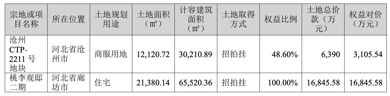 2022年荣盛发展仅新增了两宗土地储备项目,分别位于河北省沧州市和廊坊市。
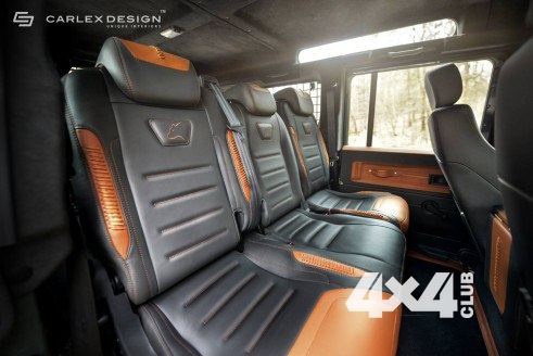 Салон автомобиля получил комбинированную отделку из чёрной и рыжей кожи высочайшего качества. Потолок Дефендера затянули в алькантару, а на спинках сидений присутствует логотип Nakatanenga.
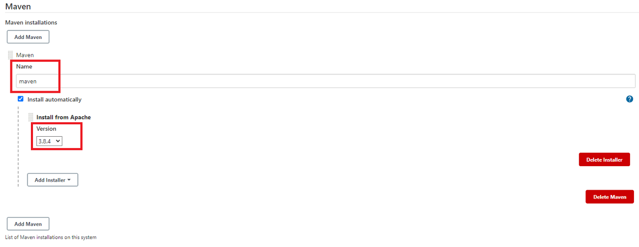 메뉴: Jenkins 관리 > Global Tool Configuration > Maven > Maven installations

◇ ◇ ◇

__Exercise directions__
Write the data out again exactly, but without its images.

__Result of this exercise__
 2022年荣盛发展仅新增了两宗土地储备项目,分别位于河北省沧州市和廊坊市。
 Салон автомобиля получил комбинированную отделку из чёрной и рыжей кожи высочайшего качества. Потолок Дефендера затянули в алькантару, а на спинках сидений присутствует логотип Nakatanenga.
 메뉴: Jenkins 관리 > Global Tool Configuration > Maven > Maven installations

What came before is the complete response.